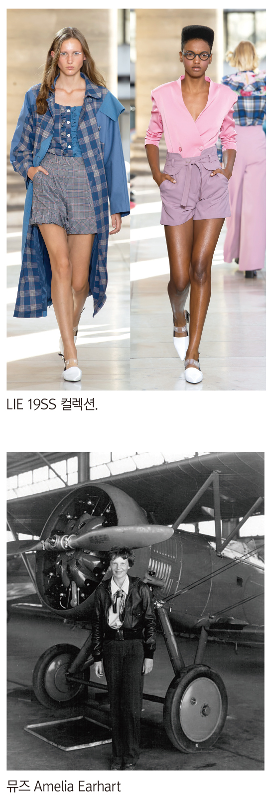 대서양을 최초로 횡단한 여성 조종사인 아멜리아 에어하트로부터 영감을 받은 LIE 19SS 컬렉션은 새로운 세상을 향한 여성들의 도전과 열정 가득한 에너지에 대해 이야기한다. 디자이너는 그녀들이 가진 파워와 자신감, 그리고 고난과 역경을 이겨내는 내적인 아름다움을 LIE의 시그니쳐인 ‘믹스 & 매치’를 통해 다채롭게 보여준다.
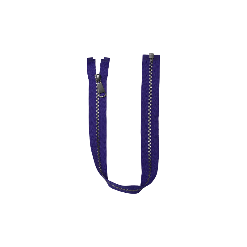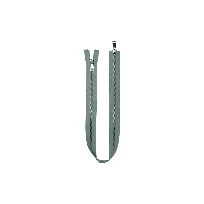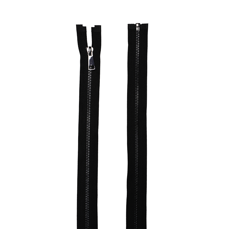 Zip logam ialah zip yang diperbuat daripada logam yang digunakan untuk menyambung dan menutup dua item, seperti pakaian, beg, kasut, dll. Zip logam biasanya lebih kuat dan lebih tahan lama daripada zip plastik atau nilon. Zip logam biasanya diperbuat daripada tembaga, aloi zink, keluli tahan karat dan bahan logam lain. Logam ini mempunyai ciri kekuatan tinggi dan rintangan kakisan yang baik, menjadikan ritsleting logam digunakan secara meluas dalam beberapa aplikasi yang memerlukan keliatan yang lebih kuat. Di samping itu, zip logam sering digunakan dalam beberapa produk mewah dan bergaya kerana penampilan bahan logam lebih mulia. Penarik zip logam biasanya diperbuat daripada logam dan boleh dilekatkan dengan reka bentuk atau hiasan khas untuk meningkatkan estetika produk. Bahagian tali zip logam terdiri daripada pautan logam, yang boleh dibuka dan ditutup dengan menggerakkan gelangsar. Gigi zip logam biasa, gigi ritsleting logam khas seperti gigi Y, gigi jagung, gigi gaya Eropah, gigi mata dua. Pelbagai jenis, warna gigi logam dan warna gelangsar boleh disesuaikan, sesuai untuk pakaian kulit, jaket, jaket bawah dan pelbagai produk bagasi.
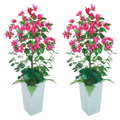 2Pack Artificial Bougainvillea Tree with Flowers, 4FT Faux Plants in Potted Indoor Bougainvillea Plant, Blooming Topiary Tree Lifelike Faux Plants
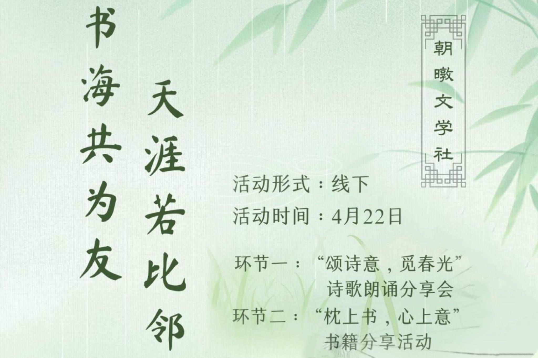 此次活动由四个部分组成。第一部分为“春意款款来,与君共品书”书籍推荐活动,下设三个赛道,包括海报制作、创意分享及手账制作,同学们可任选其一参与,在指定地点投稿。第二部分为“灵犀互知意,韵趣妙横生”趣味游戏活动,收获热烈反响。第三部分为“书海共为友,天涯若比邻”诵读分享活动,分为书籍交流会、诗歌诵读分享会两个板块。第四部分为“悠悠意境远,光影共此书”线上读书征文活动,此部分于5月3日结束征稿,目前正在审核、评分阶段。此次活动采取积分方式,积分高者将获得相应奖励。朝暾文学社秉持“公平、公正、公开”原则,保持评审透明性,结束后对结果进行公示。
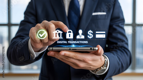 Empowered businessman interacts with digital transaction icons, securing finances with modern technology.
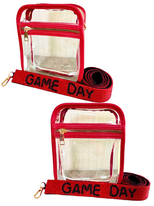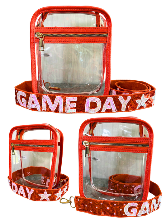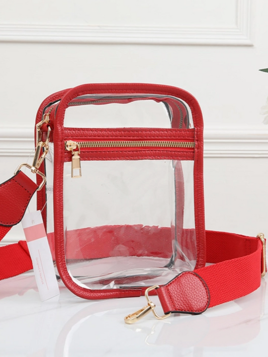 Clear Stadium Bags - Red or Orange Vegan Leather Trim, Crossbody Bag with Strap
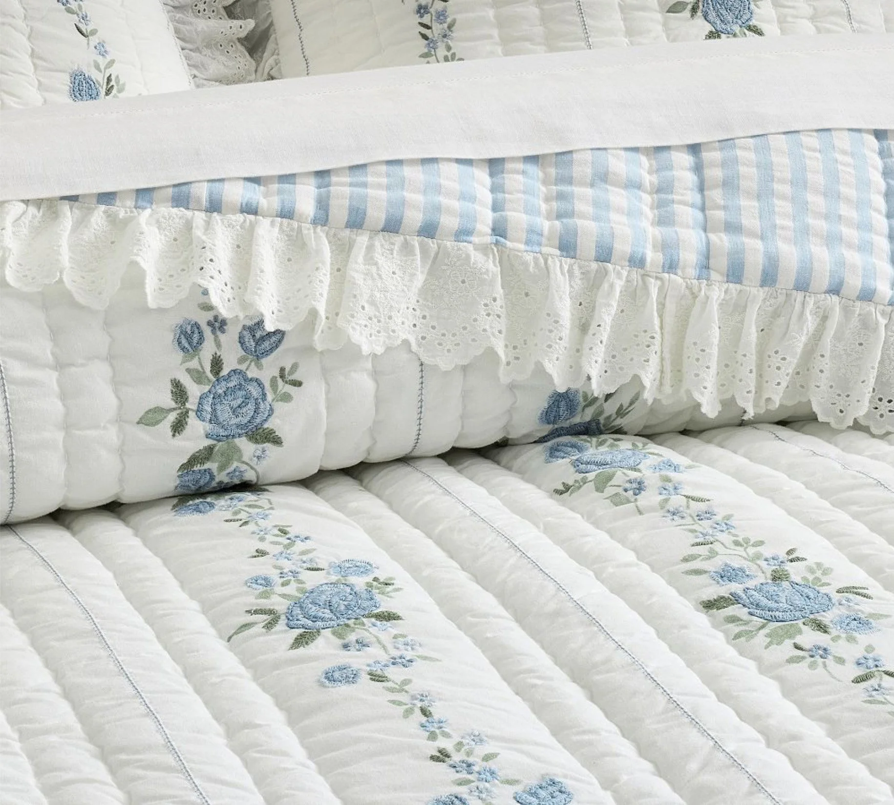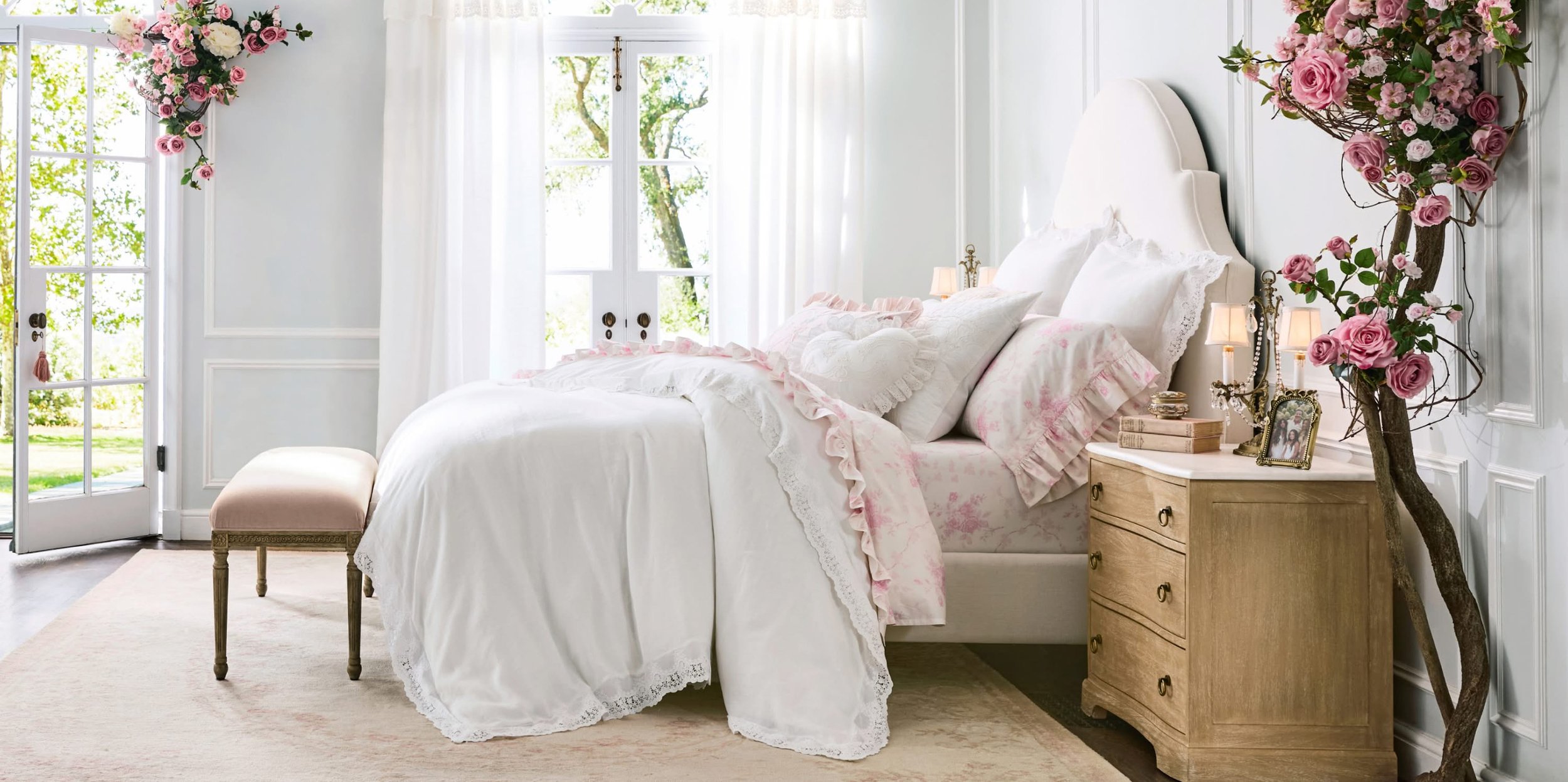 The LoveShackFancy x Pottery Barn collaboration translated the brand’s romantic, vintage-driven DNA into a multi-category home and outdoor assortment. Inspired by archival prints and runway collections, the project required careful print engineering, substrate versatility, and cohesive color integration across textiles, furniture, and performance outdoor materials.
⁂
- _ABOUT THIS TASK_
Beginning with the line that contains "Empowered businessman interacts" and ending with the last line of the data, transcribe each line exactly; pictures stay out.

- _RESPONSE AREA_
 Empowered businessman interacts with digital transaction icons, securing finances with modern technology.
 Clear Stadium Bags - Red or Orange Vegan Leather Trim, Crossbody Bag with Strap
 The LoveShackFancy x Pottery Barn collaboration translated the brand’s romantic, vintage-driven DNA into a multi-category home and outdoor assortment. Inspired by archival prints and runway collections, the project required careful print engineering, substrate versatility, and cohesive color integration across textiles, furniture, and performance outdoor materials.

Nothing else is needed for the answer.